The response should contain all of the data below, reproduced exactly, and no pictures.

Dataset excerpts
= = =
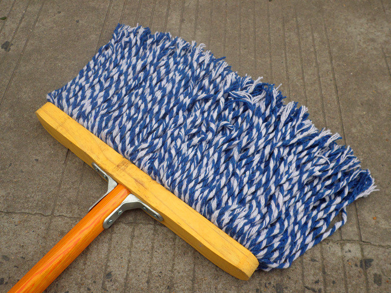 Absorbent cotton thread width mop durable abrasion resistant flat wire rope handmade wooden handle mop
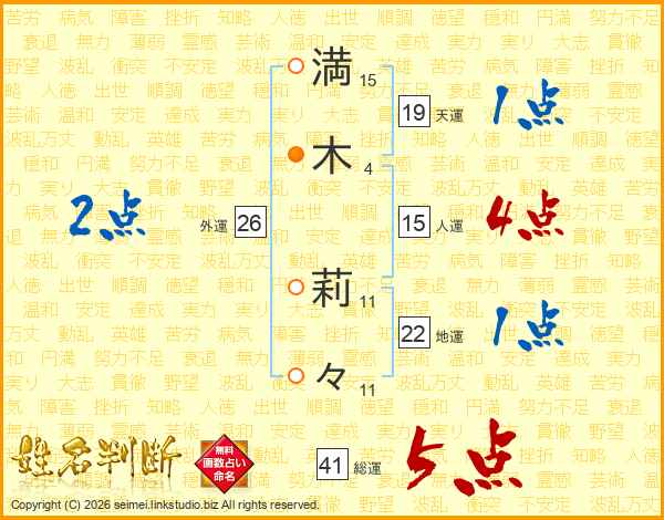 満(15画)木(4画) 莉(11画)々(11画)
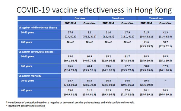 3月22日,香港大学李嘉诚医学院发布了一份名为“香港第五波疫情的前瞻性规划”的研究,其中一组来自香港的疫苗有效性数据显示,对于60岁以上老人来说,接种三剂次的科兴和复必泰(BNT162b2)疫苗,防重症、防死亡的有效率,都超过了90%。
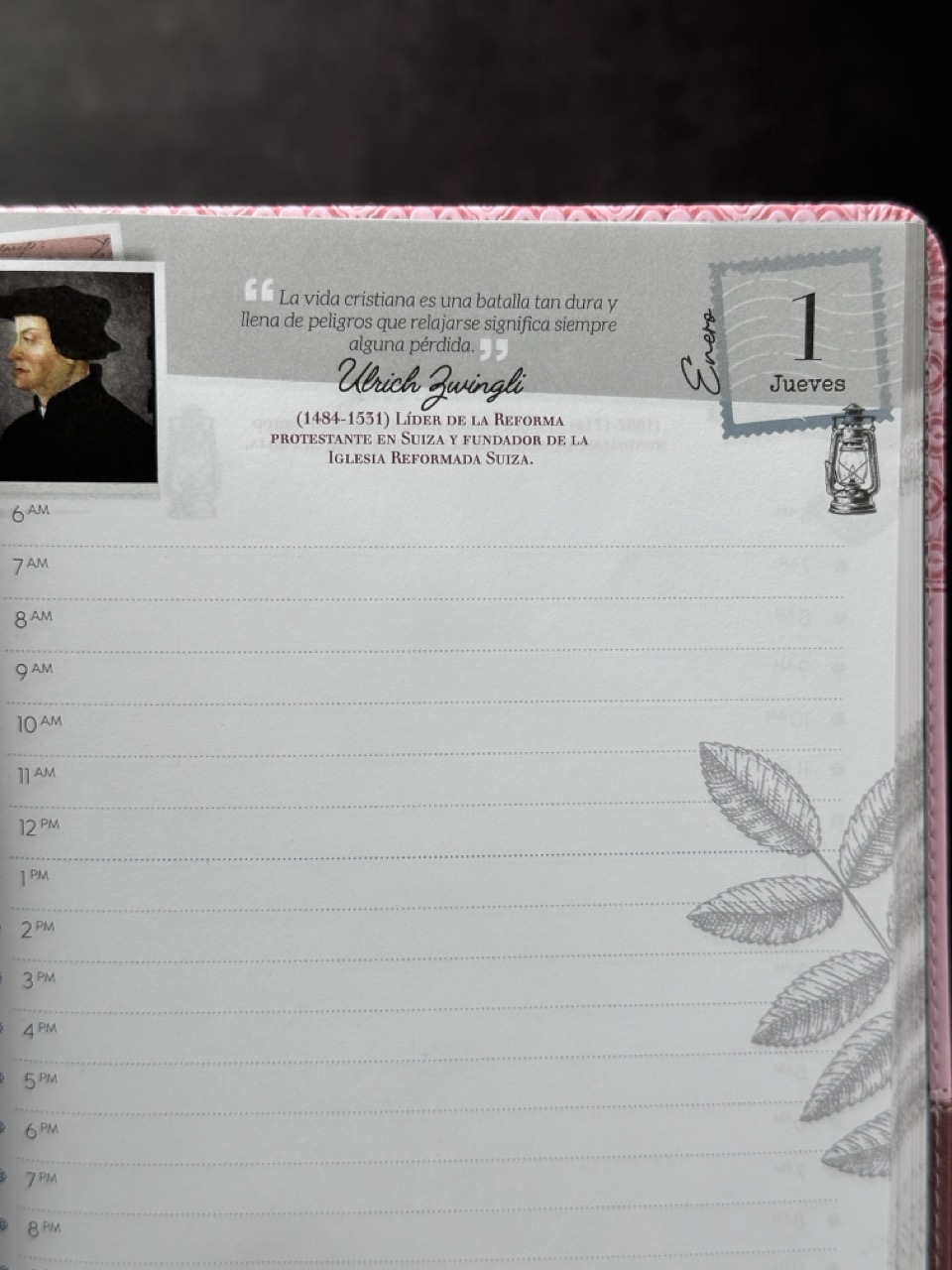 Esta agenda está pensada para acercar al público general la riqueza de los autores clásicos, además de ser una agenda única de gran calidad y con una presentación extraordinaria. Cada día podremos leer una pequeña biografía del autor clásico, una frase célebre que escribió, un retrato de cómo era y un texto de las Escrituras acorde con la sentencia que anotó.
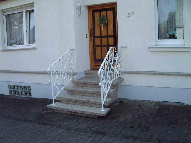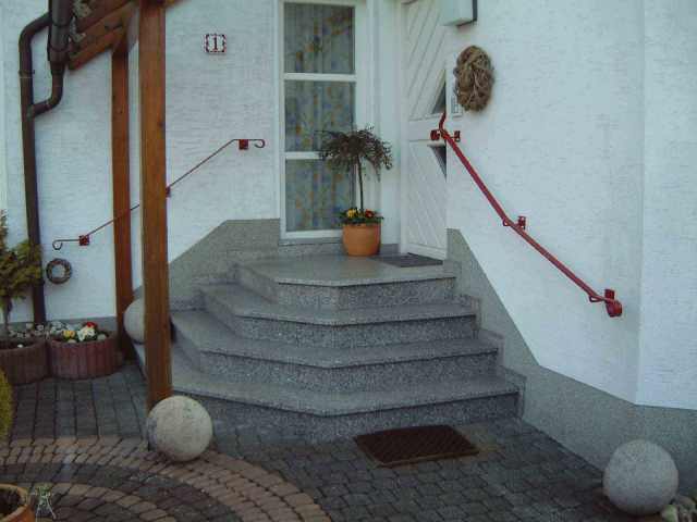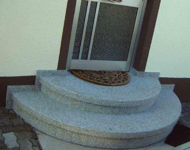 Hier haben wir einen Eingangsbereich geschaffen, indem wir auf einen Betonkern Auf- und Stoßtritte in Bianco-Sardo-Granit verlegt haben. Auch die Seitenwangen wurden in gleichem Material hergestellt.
= = =
Solution for this exercise
 Absorbent cotton thread width mop durable abrasion resistant flat wire rope handmade wooden handle mop
 満(15画)木(4画) 莉(11画)々(11画)
 3月22日,香港大学李嘉诚医学院发布了一份名为“香港第五波疫情的前瞻性规划”的研究,其中一组来自香港的疫苗有效性数据显示,对于60岁以上老人来说,接种三剂次的科兴和复必泰(BNT162b2)疫苗,防重症、防死亡的有效率,都超过了90%。
 Esta agenda está pensada para acercar al público general la riqueza de los autores clásicos, además de ser una agenda única de gran calidad y con una presentación extraordinaria. Cada día podremos leer una pequeña biografía del autor clásico, una frase célebre que escribió, un retrato de cómo era y un texto de las Escrituras acorde con la sentencia que anotó.
 Hier haben wir einen Eingangsbereich geschaffen, indem wir auf einen Betonkern Auf- und Stoßtritte in Bianco-Sardo-Granit verlegt haben. Auch die Seitenwangen wurden in gleichem Material hergestellt.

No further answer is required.